Logique et classique, mais rien à côté de la déferlante qui va accompagner la
sortie du 33T et celle du single éponyme. Une durée folle (6’30) pour les
standards de passage radio, et un titre chanté par le batteur (autre
particularité du groupe, ils peuvent tous chanter lead, et donc question
harmonies vocales, y’a ce qu’il faut) qui va devenir un des titres de rock les
plus célèbres du siècle. Parce que, manière de couper court à tous les
ricanements sournois que j’entends, les Eagles de « Hotel
California », c’est toujours du rock (plus pour très longtemps peut-être,
mais c’est pas encore le sujet). Poussé dans ses derniers retranchements, à la
limite de toutes les compromissions. Du rock calibré pour les radios, les
stéréos, le disque idéal pour le cruising sur les freeways californiennes
ensoleillées. Le disque qu’écoutent, et ça c’est une première, les parents et
leurs enfants.
Forcément pareil œcuménisme et pareil succès feront
grincer des dents, s’agiter les jaloux de tous bords. « Hotel California »
est un hold-up à l’échelon planétaire.
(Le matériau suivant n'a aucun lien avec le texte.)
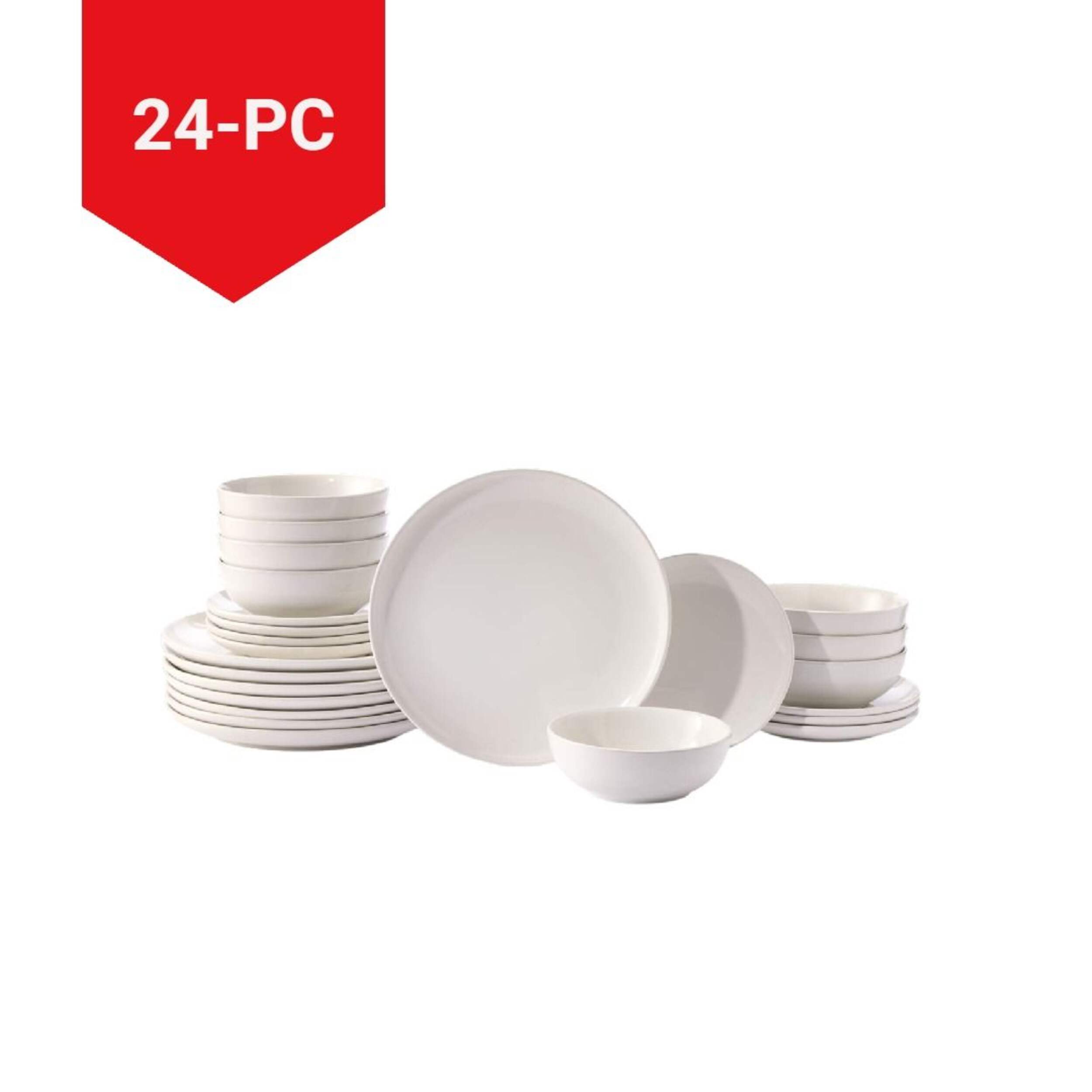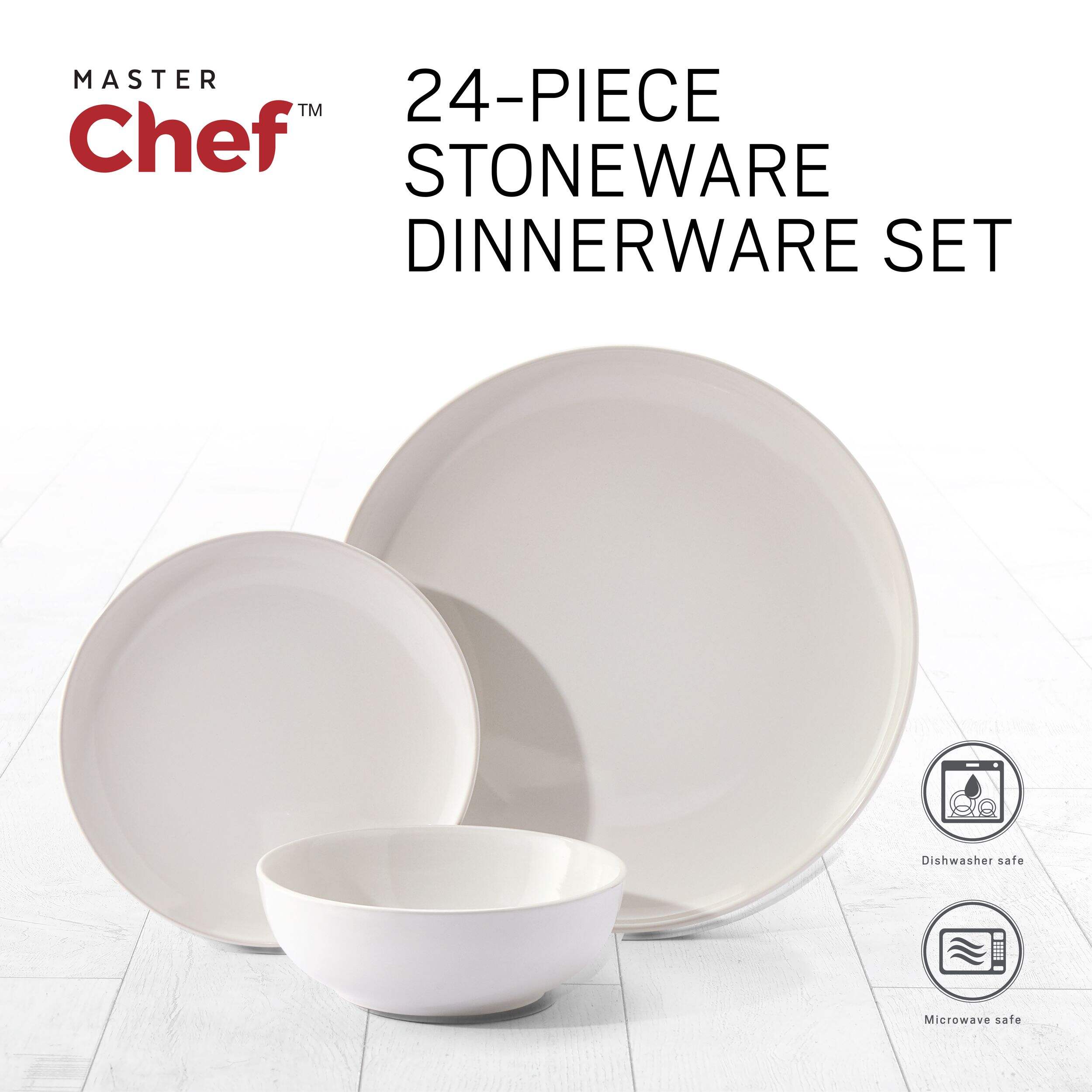 The Master Chef Essential Coupe Stoneware Dinnerware Set serves 8 with its 24-piece bright white collection. Hassle-free storage is easy thanks to the stackable design, while cleaning is a breeze – the set is dishwasher and microwave safe.
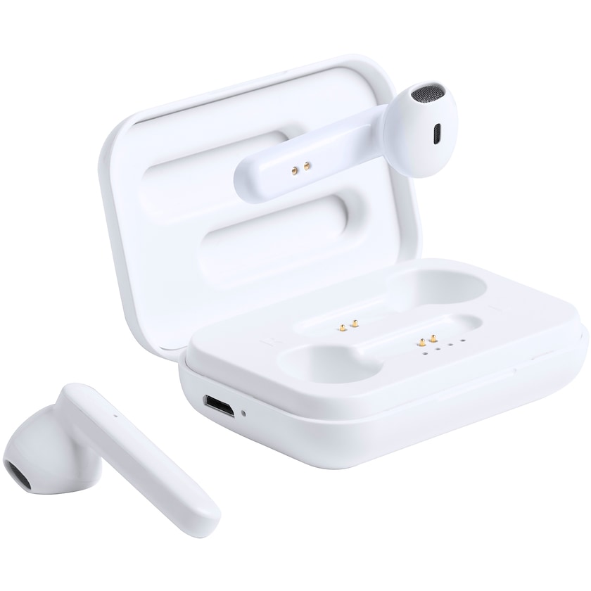 Trådløse hodetelefoner i oppbevaringsfutteral. Hodetelefonene lades i oppbevaringsfutteralet. USB-ladekabel følger med.
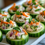 Crisp cucumber slices filled with creamy chicken salad for a refreshing, protein-packed snack or light meal.
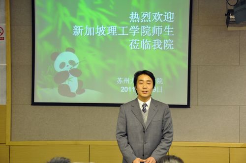 在讲座开始之前,我院逢成华副院长致欢迎词。首先,他代表文学院向来自新加坡理工学院的同学、老师们表示热烈的欢迎,并简要介绍了苏州大学文学院。文学院是苏州大学的龙头学院之一,也是建院历史最长的学院之一,设有硕士点、博士点,拥有1个国家文科基础学科人才培养和科学研究基地。逢院长还向大家介绍了本次中国之行的其他内容,例如推荐同学们待岗实习、实地考察等,另外还将开展一系列的中新学生交流活动,如体育竞赛、联欢晚会、辩论赛等。最后,逢院长祝愿大家在中国的实习成功,也希望新加坡理工学院能与苏州大学文学院常来常往,有更紧密的联系。
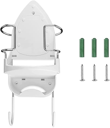 sunwes Fer à Repasser Support Mural Support de Fer éLectrique Fer et Planche à Repasser Organisateur de Stockage éTagèRe avec Crochets Amovibles -2, Blanc
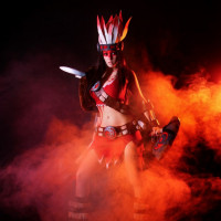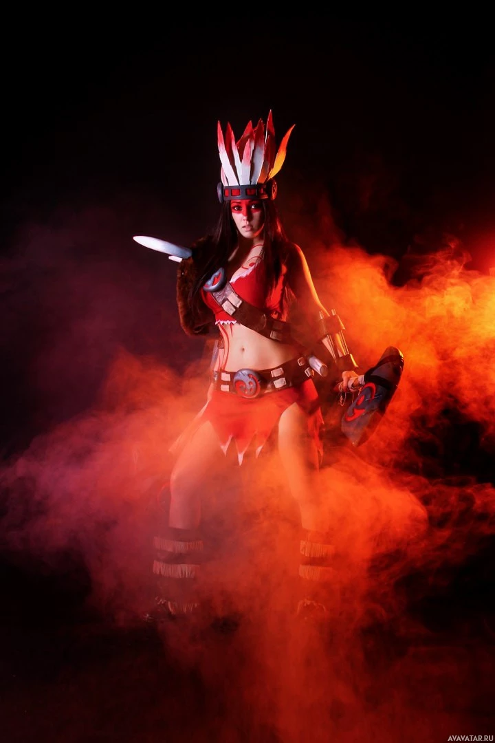 feathered headdress, holding what appears to be an axe with a long handle. Surrounding the figure are effects such as smoke or fog, enhancing the dramatic appearance of the cosplay. The image captures the spirit of fantasy and
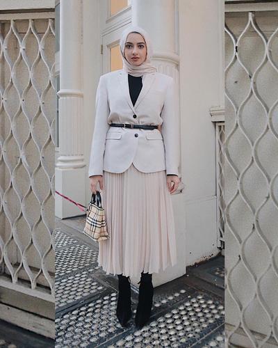 Masih dengan blazer, kali ini Albarcha memakai ankle boots hitam. Penampilannya terkesan bold dengan sisi feminin yang tetap ditegaskan pada pemakaian pleated skirt. Dengan nuansa pastel, hitam-putih, dan tambahan belt yang stylish, gaya Albarcha ini bisa kamu coba untuk dapatkan semi-formal look yang profesional!
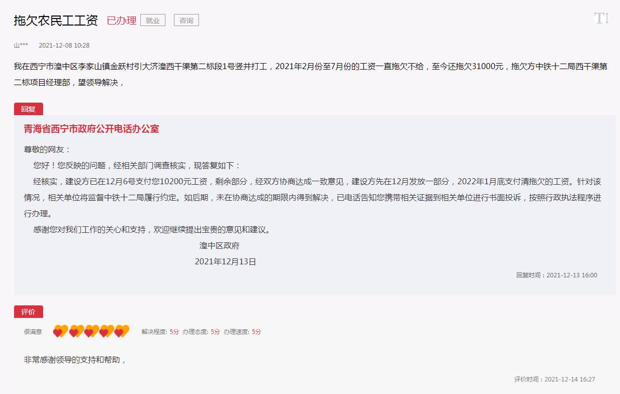 青海省西宁市政府公开电话办公室回复,经核实,建设方已在12月6号支付您10200元工资,剩余部分,经双方协商达成一致意见,建设方先在12月发放一部分,2022年1月底支付清拖欠的工资。针对该情况,相关单位将监督中铁十二局履行约定。如后期,未在协商达成的期限内得到解决,已电话告知您携带相关证据到相关单位进行书面投诉,按照行政执法程序进行办理。随后,该网友也作出满意回复。
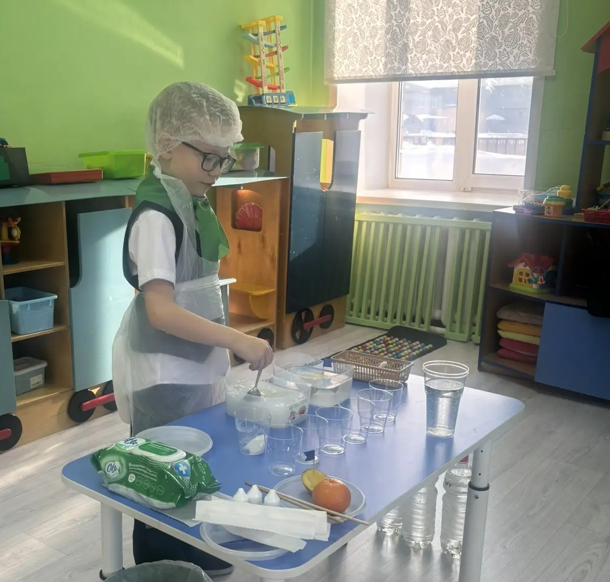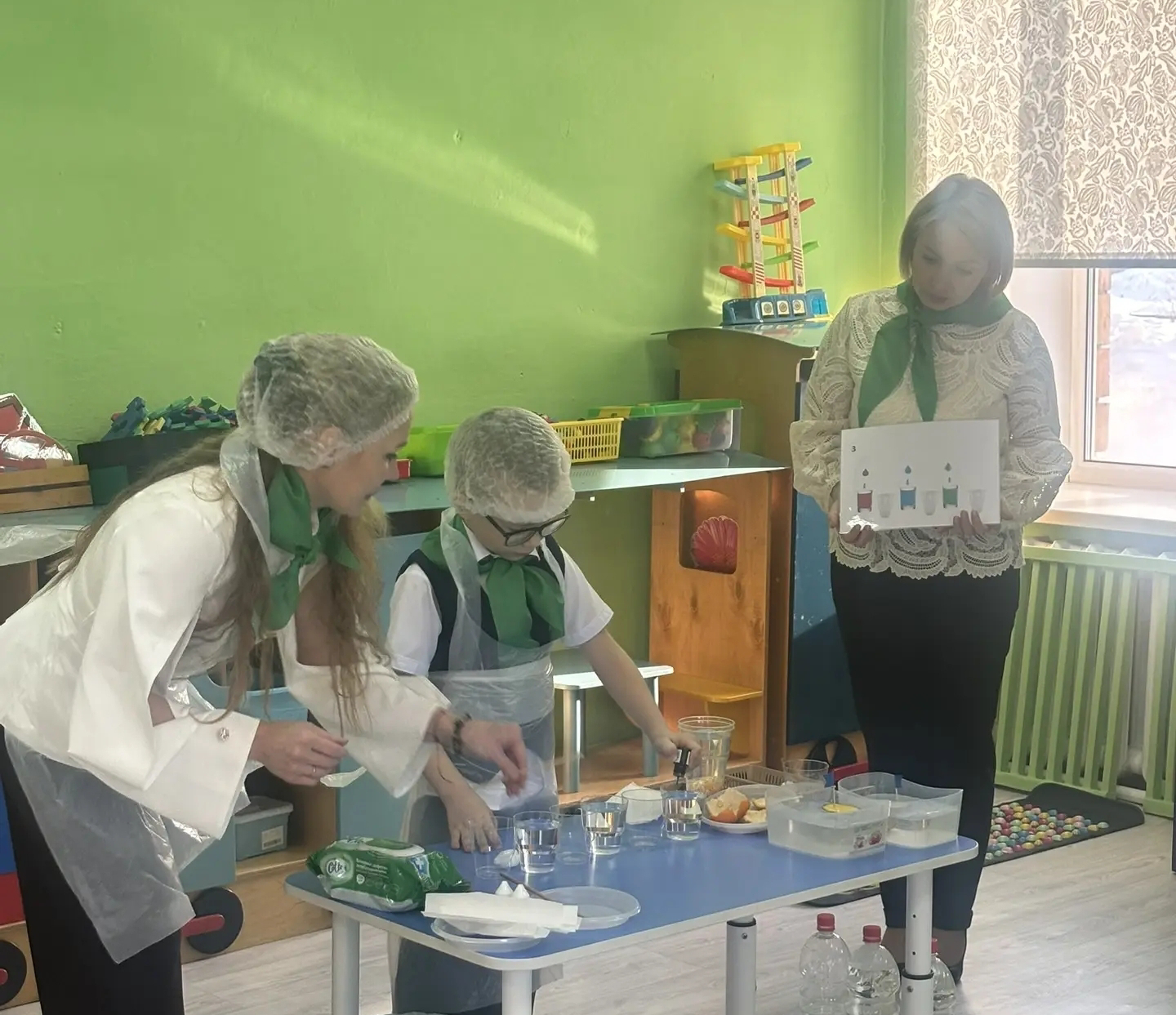 В экологической лаборатории «Мы исследователи воды» участников районного методического объединения встречал воспитанник подготовительной к школе группы Богданов Семен и его наставник Стринадкина Дарья Николаевна. Через несложные опыты Семен продемонстрировал гостям некоторые свойства воды и ее взаимодействие с предметами.

Le point de non-retour que cherchaient
également des Steely Dan, Fleetwood Mac, Doobie Brothers, … le disque américain
parfait selon les standards de l’époque. Parce qu’il n’y a pas que deux hits,
et pas que des ballades. « Life in the fast lane » se retrouvera aussi au
sommet des hit-parades, avec son riff aplatissant, sa voix hurlée et son court
solo de guitare d’anthologie, portant à jamais la signature du dernier arrivé
Joe Walsh. Car ce qu’on a souvent oublié, c’est que les Eagles ne produisent
pas que de la zique pour slowter et emballer de la meuf. « Victims of
love », c’est aussi du hard FM avant l’heure, avec ses riffs saturés en
intro, et c’est aussi bien que les intégrales de Toto et Foreigner réunis.
Même si c’est la ballade fin de race qui domine. Le
« concept » de l’album c’est un peu le désenchantement de la
prétendue vie facile à Los Angeles, les retours de manivelle de la décadence
friquée et désœuvrée, les petits matins cabossés genre « Very bad
trip », l’Hotel California est en fait un centre de rehab. Alors le disque
fait la part belle au country-rock pépère (« Try and love again »),
aux ballades déprimées pianotées et garnies de cordes, cette « Wasted
time » qui trouve son contrepoint dans le dépouillement qui sent la gueule
du bois de l’ultime « The last resort ». Seul maillon faible selon
moi, « Pretty maids all in a row », où là le groupe et la production
ont eu la main quelque peu lourde sur les arrangements de cordes et le côté
grandiloquent.
« Hotel California », c’est le disque qu’on
aimerait détester parce que c’est juste un rêve, un fantasme, celui d’une way
of life inaccessible. Un disque de winners, écœurant de facilité. Alors que,
par antithèse, on aura toujours un faible pour les losers qui se ramassent avec
des galettes foirées. « Hotel California », il fait un peu partie de
l’inconscient collectif d’une génération, c’est le témoin sonore d’une époque.
Curieusement, les Eagles qui sont parmi les groupes les plus vendeurs de l’Histoire,
sont un conglomérat quasi anonyme hors des Etas-Unis, et bien peu de gens sont
capables de citer les musiciens qui le composent.